Exercise instructions
All of the data is to be printed exactly, though the images must be left off.

Data segment
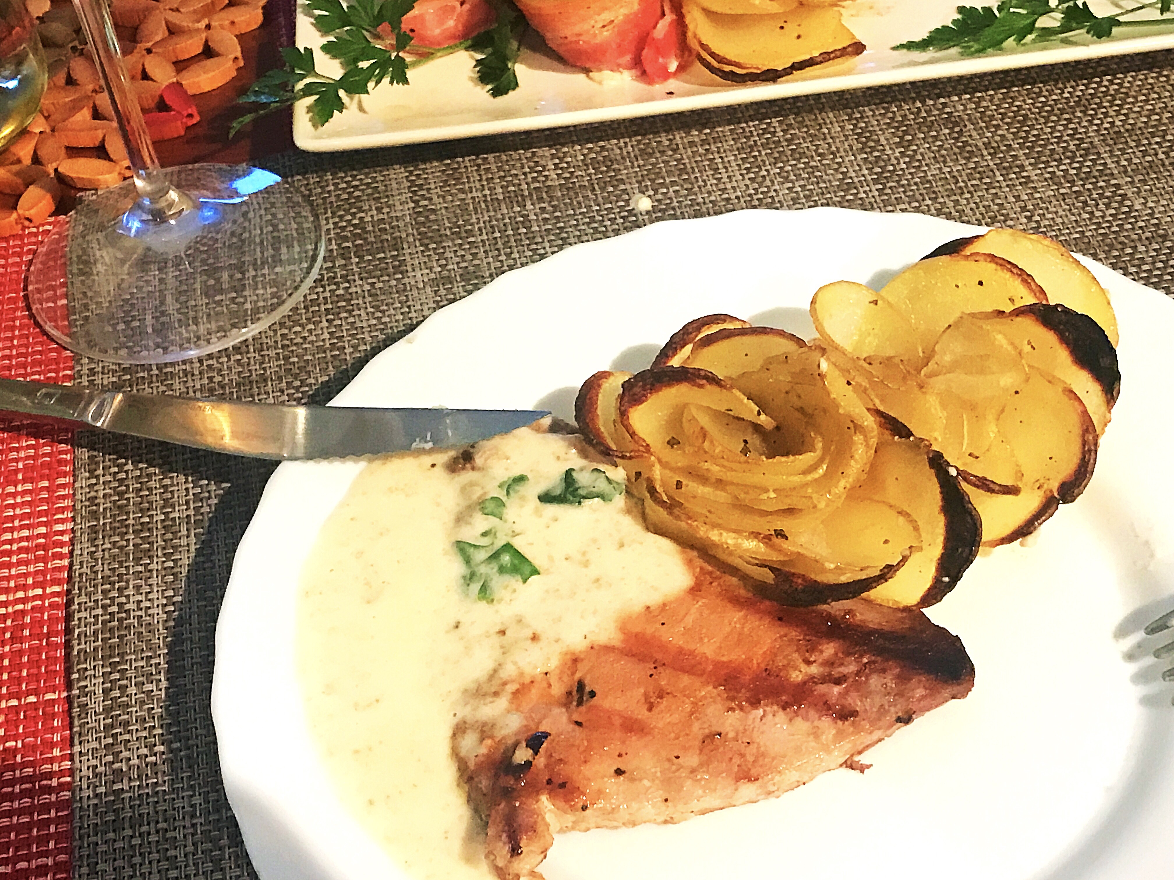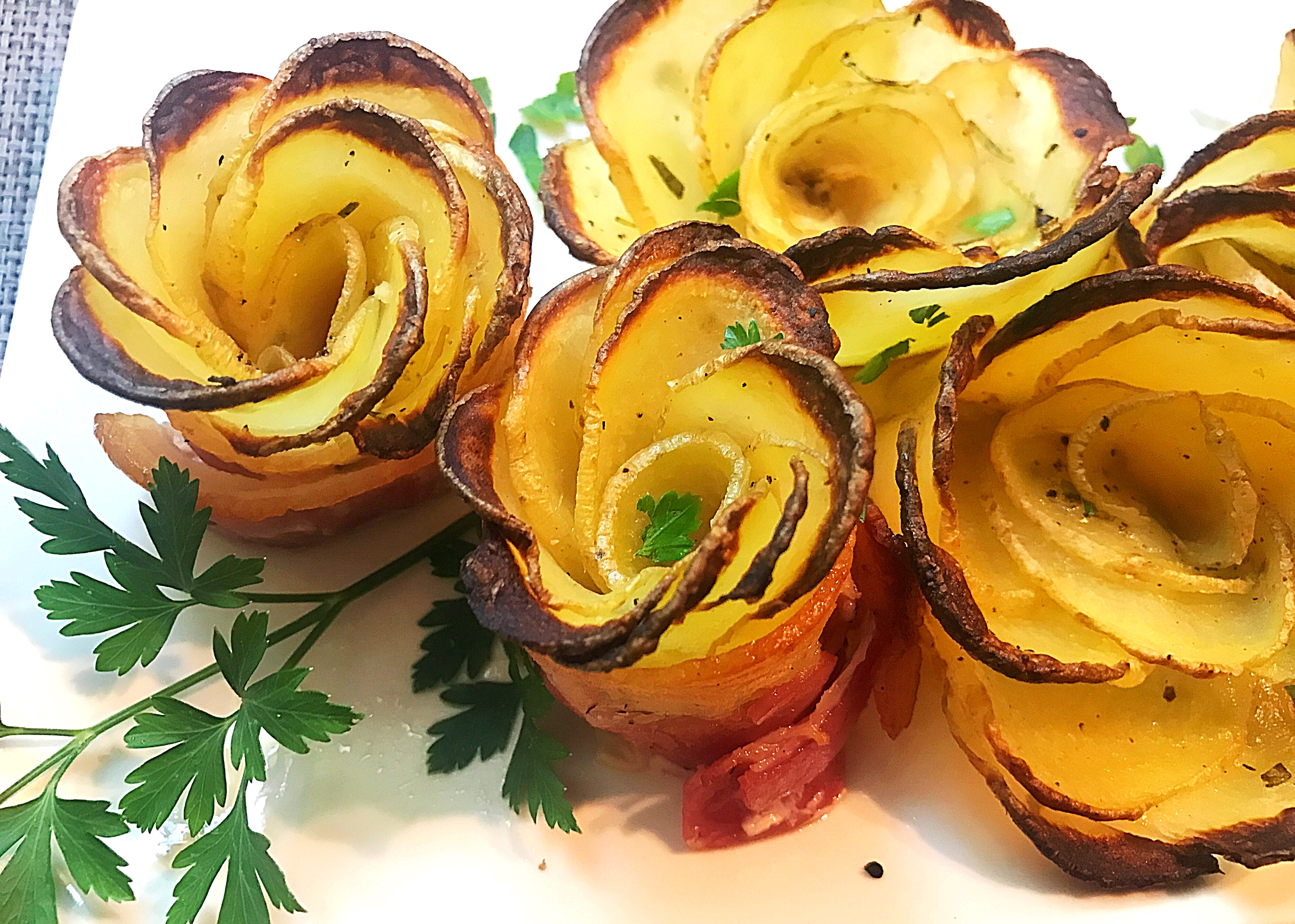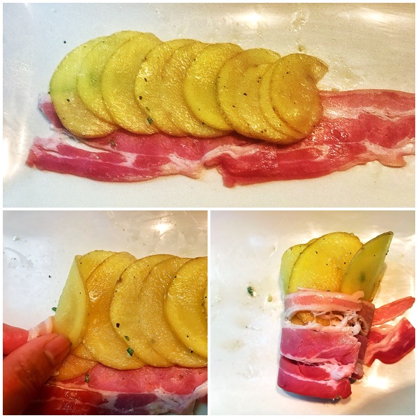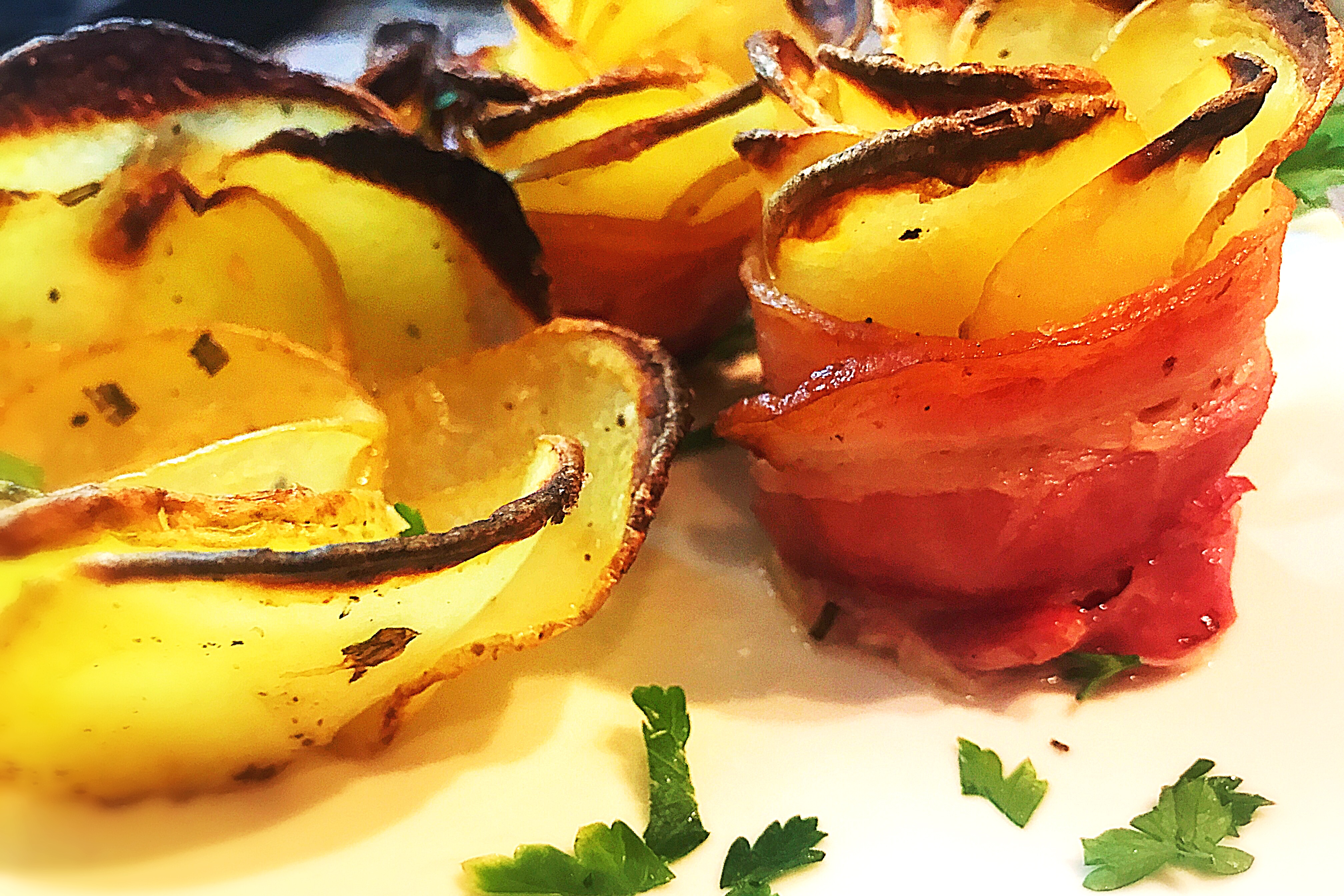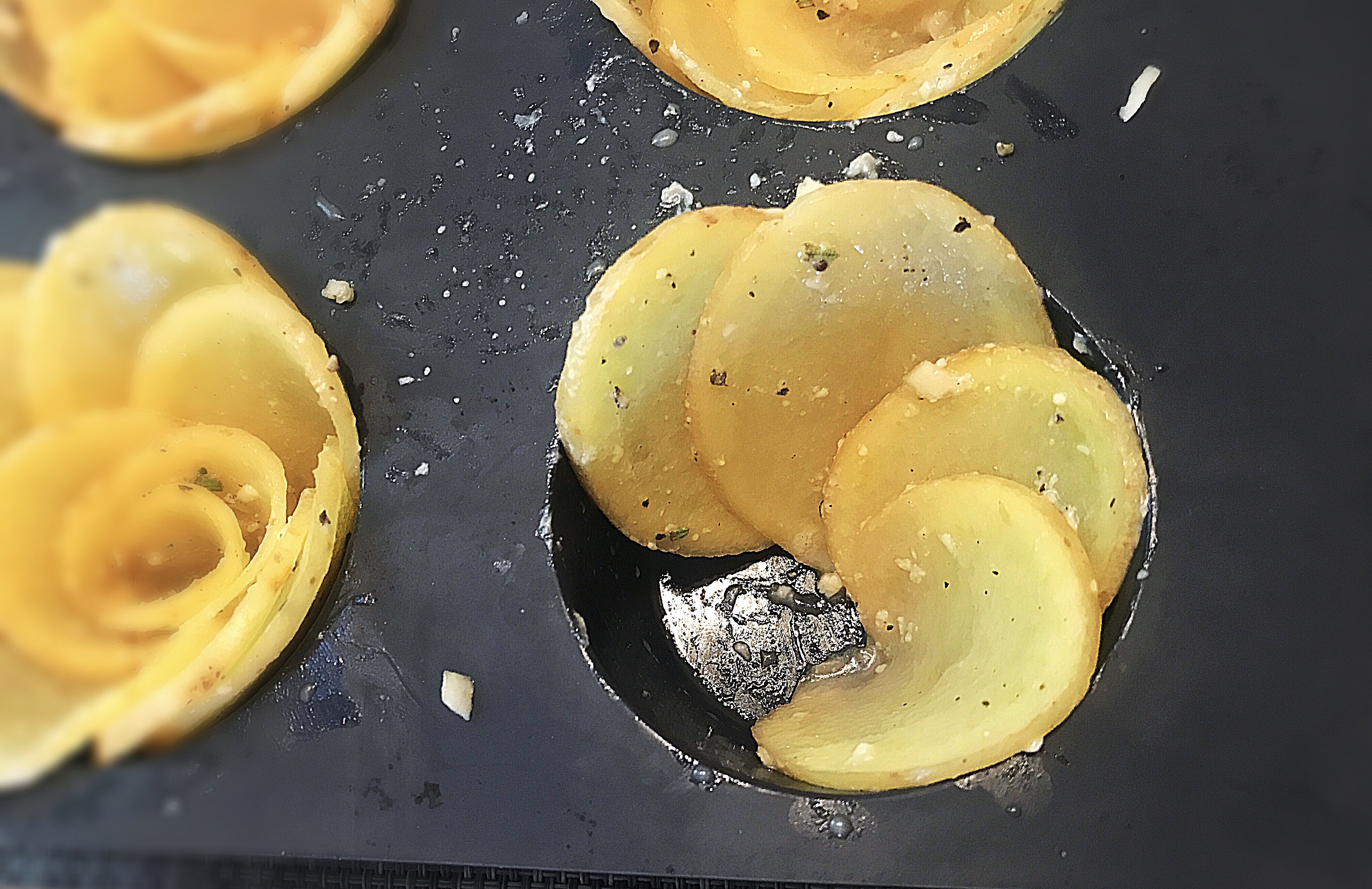 There are different versions to make potato gratins and versions on how to create a rose shape potatoes: You can either arrange it straight inside the muffin pan or wrap with bacon.
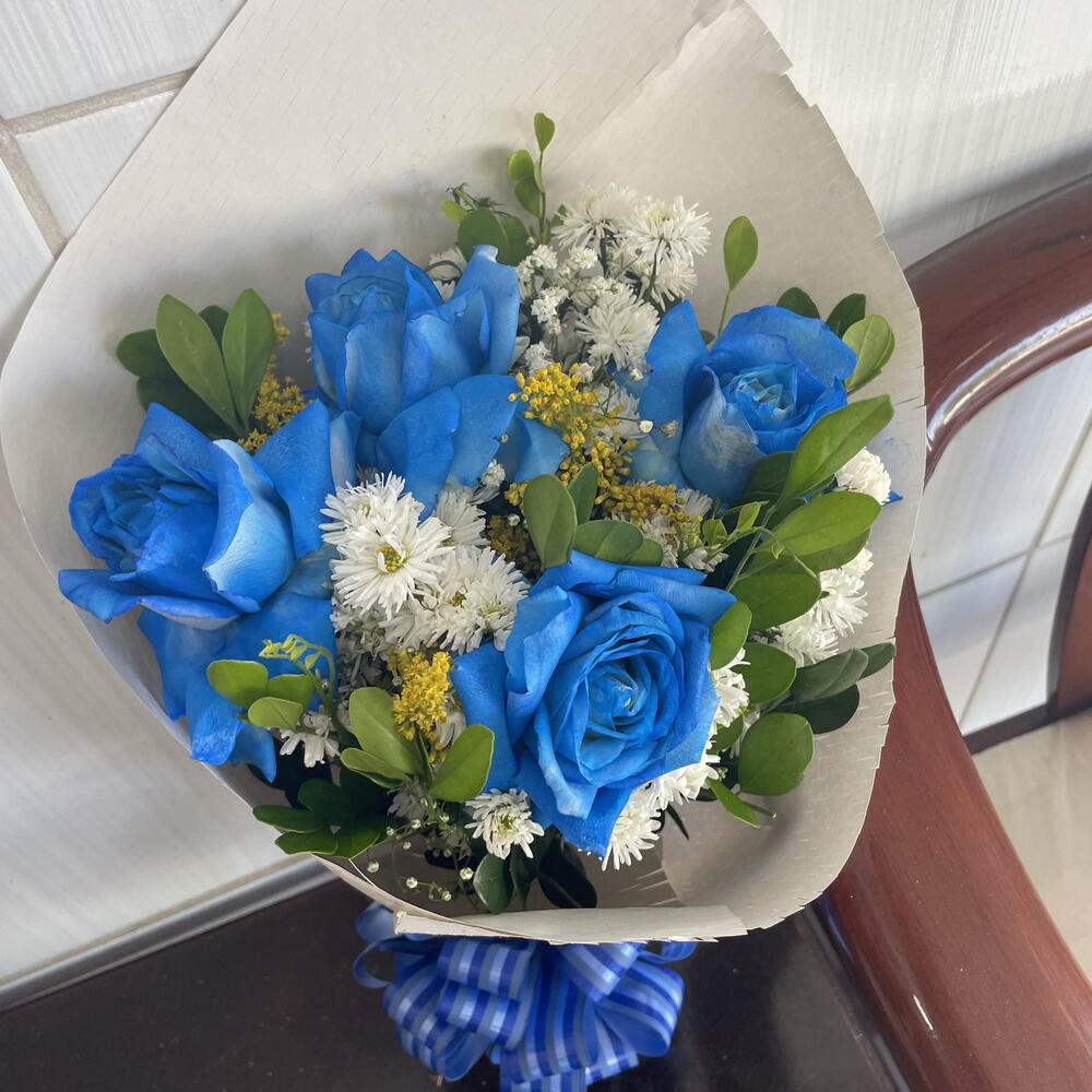 embalagem - 1 un. folhagens - 1 un. laço - 1 un. rosa azuis - 4 un.
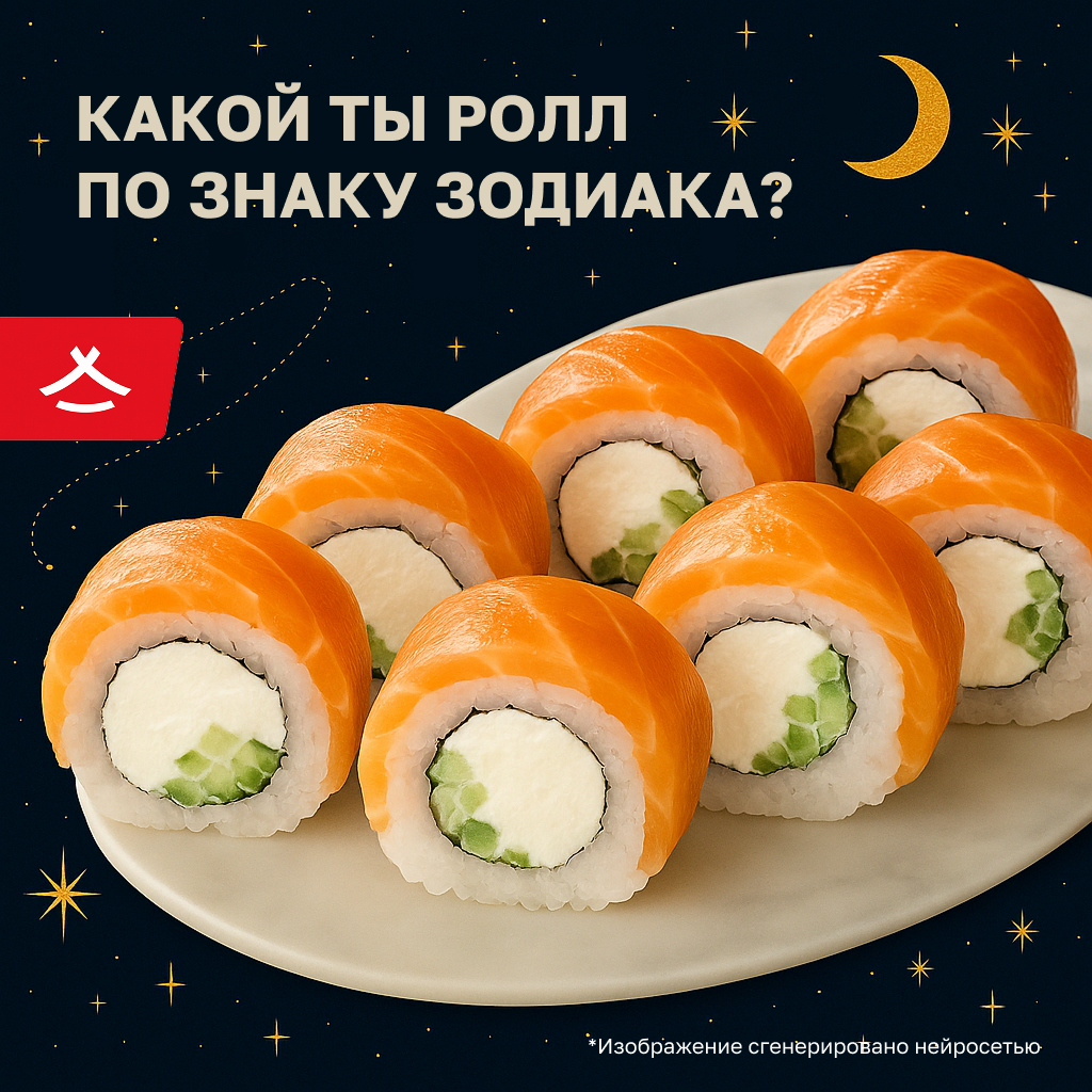 Задумывался, какой ролл отражает вашу душу и характер? Разбираем вашу суши-идентичность! Находите свой знак и узнавайте, какой ролл вам соответствует. Ролл «Спайси темпура» Горячий, хрустящий, с взрывным вкусом. Сразу заявляет о себе, действует напрямую и не терпит ожидания. Его главное оружие — скорость и яркость. Ролл «Филадельфия» Классика, которую все обожают. Нежный, сытный и надежный. Ценит комфорт, качество и чувственные наслаждения. Ради него можно нарушить все правила. Ролл «Калифорния» Яркий, многогранный, с обилием икры и соусов. Снаружи один, внутри — совсем другой. Идеальное воплощение двойственной, общительной и изменчивой натуры Близнецов. Ролл «Сырный лосось» Нежный, тающий во рту, подается теплым. Нуждается в заботе и комфорте. Его запеченная сырно-сливочная шапка с лососем напоминает о домашнем уюте и ностальгии. Ролл «Дракон» Эффектный, сложный, королевский. Его вид говорит сам за себя — он создан, чтобы производить впечатление и быть в центре внимания. Каппа маки (р
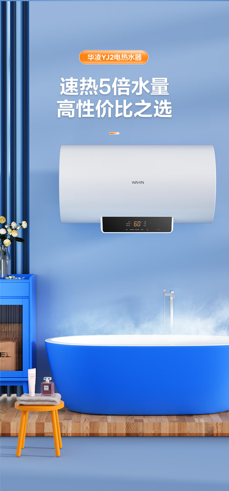 美的(Midea)出品储水式电热水器大功率速热2200W智能家用 经济安全升级防电墙快速热水器YJ2上门安装 华凌F5021-YJ2【50升2-3人使用】 性价比优选

Result
 There are different versions to make potato gratins and versions on how to create a rose shape potatoes: You can either arrange it straight inside the muffin pan or wrap with bacon.
 embalagem - 1 un. folhagens - 1 un. laço - 1 un. rosa azuis - 4 un.
 Задумывался, какой ролл отражает вашу душу и характер? Разбираем вашу суши-идентичность! Находите свой знак и узнавайте, какой ролл вам соответствует. Ролл «Спайси темпура» Горячий, хрустящий, с взрывным вкусом. Сразу заявляет о себе, действует напрямую и не терпит ожидания. Его главное оружие — скорость и яркость. Ролл «Филадельфия» Классика, которую все обожают. Нежный, сытный и надежный. Ценит комфорт, качество и чувственные наслаждения. Ради него можно нарушить все правила. Ролл «Калифорния» Яркий, многогранный, с обилием икры и соусов. Снаружи один, внутри — совсем другой. Идеальное воплощение двойственной, общительной и изменчивой натуры Близнецов. Ролл «Сырный лосось» Нежный, тающий во рту, подается теплым. Нуждается в заботе и комфорте. Его запеченная сырно-сливочная шапка с лососем напоминает о домашнем уюте и ностальгии. Ролл «Дракон» Эффектный, сложный, королевский. Его вид говорит сам за себя — он создан, чтобы производить впечатление и быть в центре внимания. Каппа маки (р
 美的(Midea)出品储水式电热水器大功率速热2200W智能家用 经济安全升级防电墙快速热水器YJ2上门安装 华凌F5021-YJ2【50升2-3人使用】 性价比优选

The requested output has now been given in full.